摘要:
HyperLPR 是一个高性能开源中文车牌识别框架,基于keras-tensorflow实现,支持android,linux,windows,ios等多种平台。
目前已有C++实现版本和Python实现版本。
这里仅介绍基于Python的使用深度学习实现中文车牌识别的方案。
1.源码下载地址:
https://github.com/zeusees/HyperLPR
2.安装使用:
https://www.jianshu.com/p/7ab673abeaae
3.概念:
OpenCV:开源计算机视觉库,OpenCV从自OpenCV 3.1版以来,dnn(深度神经网络)模块一直是opencv_contrib库(opencv的附加库)的一部分,在3.3版中,把它从opencv_contrib仓库提到了主仓库(opencv)中。新版OpenCV dnn模块目前支持Caffe、TensorFlow、Torch、PyTorch等深度学习框架。 OpenCV 3.3开始就提供了读取TensoFlow模型的接口了,不过现在能支持的模型并不多。另外,新版本中使用预训练深度学习模型的API同时兼容C++和Python。
DNN:是深度学习的基础,Thensorflow是深度学习的一个框架。
ANN:人工神经网络
DNN: ANN人工神经网络有两个或两个以上隐藏层,称为DNN
多层感知机:只有一个隐藏层是多层感知机
感知机:没有隐藏层是感知机
TensorFlow是谷歌基于DistBelief进行研发的第二代人工智能学习系统,其命名来源于本身的运行原理。Tensor(张量)意味着N维数组,Flow(流)意味着基于数据流图的计算,TensorFlow为张量从流图的一端流动到另一端计算过程。TensorFlow是将复杂的数据结构传输至人工智能神经网中进行分析和处理过程的系统。
张量的理解:张量是有大小和多个方向的量。这里的方向就是指张量的阶数。
我们可以将标量视为零阶张量,矢量视为一阶张量,那么矩阵就是二阶张量。
4.源码分析
4.1入口文件 demo.py(部分):
from hyperlpr import pipline as pp
import cv2
#读取本地图片
image = cv2.imread("./1.jpg")
image, res = pp.SimpleRecognizePlate(image)
#打印识别结果信息
print(res)
#显示识别的图片
cv2.imshow("image",image)
cv2.waitKey(0)
opencv2的imread函数导入图片, 返回的是Mat类型。
4.2 SimpleRecognizePlate函数
def SimpleRecognizePlate(image):
images = detect.detectPlateRough(image,image.shape[0],top_bottom_padding_rate=0.1)
res_set = []
for j,plate in enumerate(images):
plate, rect, origin_plate =plate
# plate = cv2.cvtColor(plate, cv2.COLOR_RGB2GRAY)

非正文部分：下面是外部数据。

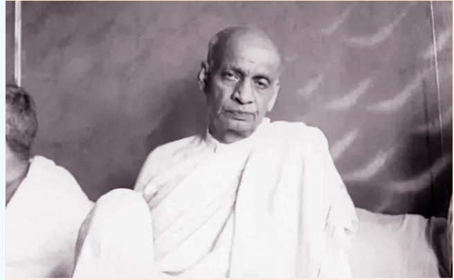
పటేల్ జయంతి సందర్భంగా అక్టోబర్ 31న బిజెపి ఆధ్వర్యంలో ప్రతి మండలంలో ‘ఐక్యతా పరుగు’

సర్దార్ వల్లభాయ్ పటేల్ పేరు మోసిన వకీలు. విదేశాల్లో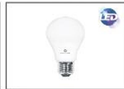
Estandar LED-SMD Potencia 9w Lúmenes 820-Voltage 220v Angulo 270° -Base E27 Color 3000k y 6600k Vida Util 40.000h ledmundo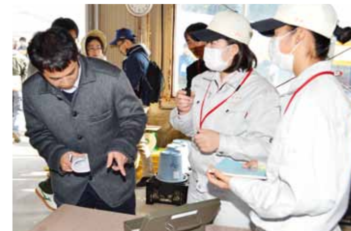
審査員の質問に答える幡多農高の生徒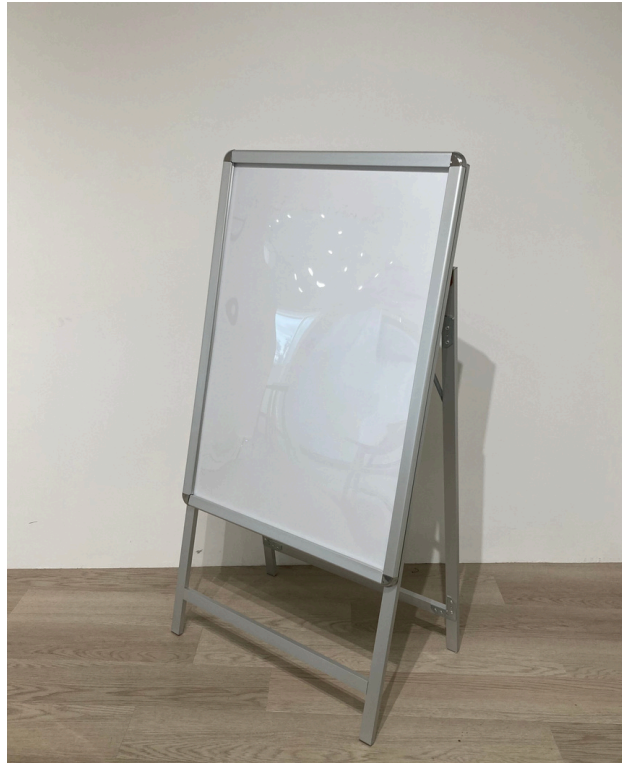
種別：A型看板 個数：1 詳細：A1用紙用

plate =cv2.resize(plate,(136,36*2))
t1 = time.time()
#根据车牌颜色判断类型
ptype = td.SimplePredict(plate)
if ptype>0 and ptype<5:
#bitwise_not是对二进制数据进行“非”操作
plate = cv2.bitwise_not(plate)
#精确定位,倾斜校正等
image_rgb = fm.findContoursAndDrawBoundingBox(plate)
'''
输入参数:
裁剪的车牌区域图像(Mat类型),rect也是裁剪的车牌部分的图像(Mat类型)
实现处理:
1.将原来车牌图像resize大小
2.将原来灰度图颜色通道[0, 255]转化为float类型[0,1]
3.将输入66*16(float),输入进模型进行测试self.modelFineMapping.predict
'''
image_rgb = fv.finemappingVertical(image_rgb)
cache.verticalMappingToFolder(image_rgb)
print("e2e:", e2e.recognizeOne(image_rgb)) #
image_gray = cv2.cvtColor(image_rgb,cv2.COLOR_RGB2GRAY)

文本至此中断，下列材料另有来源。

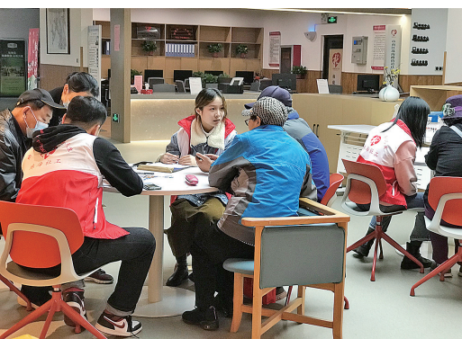
■市南区珠海路街道社工站开展智能手机课堂。

社会治理和民生保障渠道更加多元,捐赠形式更加多样,从捐赠财物为主向捐赠股权、知识产权等形式不断拓展。慈善动员能力不断增强,捐赠规模不断扩大,大额捐赠成为常态,参与方式更加便捷,互联网慈善蓬勃发展,成为慈善事业新的增长点,互联网募捐项目数量每年增长20%以上。

# image_gray = horizontalSegmentation(image_gray)
#cv2.imshow("image_gray",image_gray)
#cv2.waitKey()
cv2.imwrite("./"+str(j)+".jpg",image_gray)
#基于滑动窗口的字符分割
val = segmentation.slidingWindowsEval(image_gray)
#print("分割和识别",time.time() - t2,"s")
if len(val)==3:
blocks, res, confidence = val
if confidence/7>0.7:
image = drawRectBox(image,rect,res)
res_set.append(res)
for i,block in enumerate(blocks):
block_ = cv2.resize(block,(25,25))
block_ = cv2.cvtColor(block_,cv2.COLOR_GRAY2BGR)

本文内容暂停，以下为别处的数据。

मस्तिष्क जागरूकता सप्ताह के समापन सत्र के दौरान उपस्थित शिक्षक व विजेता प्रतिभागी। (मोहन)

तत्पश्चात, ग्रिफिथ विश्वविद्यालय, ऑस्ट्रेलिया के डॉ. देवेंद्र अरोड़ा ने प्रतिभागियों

image[j * 25:(j * 25) + 25, i * 25:(i * 25) + 25] = block_
if image[j*25:(j*25)+25,i*25:(i*25)+25].shape == block_.shape:
pass
if confidence>0:
print("车牌:",res,"置信度:",confidence/7)
else:
pass
# print "不确定的车牌:", res, "置信度:", confidence
return image,res_set
输入为一个Mat类型的图片
输出为识别的车牌字符串,以及confidence可信度,
4.3 detectPlateRough函数
detectPlateRough是返回图像中所有车牌的边框在图片中的bbox
返回的是一个表示车牌区域坐标边框的list
#返回图片中所有识别出来的车牌边框bbox
def detectPlateRough(image_gray,resize_h = 720,en_scale =1.08 ,top_bottom_padding_rate = 0.05):
print(image_gray.shape)
#top_bottom_padding_rate: 表示要裁剪掉图片的上下部占比
if top_bottom_padding_rate>0.2:
print("error:top_bottom_padding_rate > 0.2:",top_bottom_padding_rate)
exit(1)
#resize_h: 重新设定的图像大小,此处保持大小不变
height = image_gray.shape[0]
padding = int(height*top_bottom_padding_rate)
scale = image_gray.shape[1]/float(image_gray.shape[0])
image = cv2.resize(image_gray, (int(scale*resize_h), resize_h))
#裁剪掉top_bottom_padding_rate比例的垂直部分
image_color_cropped = image[padding:resize_h-padding,0:image_gray.shape[1]]
#裁剪之后的图片进行灰度化处理
image_gray = cv2.cvtColor(image_color_cropped,cv2.COLOR_RGB2GRAY)
#根据前面的cv2.CascadeClassifier()物体检测模型(3),输入image_gray灰度图像,边框可识别的最小size,最大size,输出得到车牌在图像中的offset,也就是边框左上角坐标( x, y )以及边框高度( h )和宽度( w )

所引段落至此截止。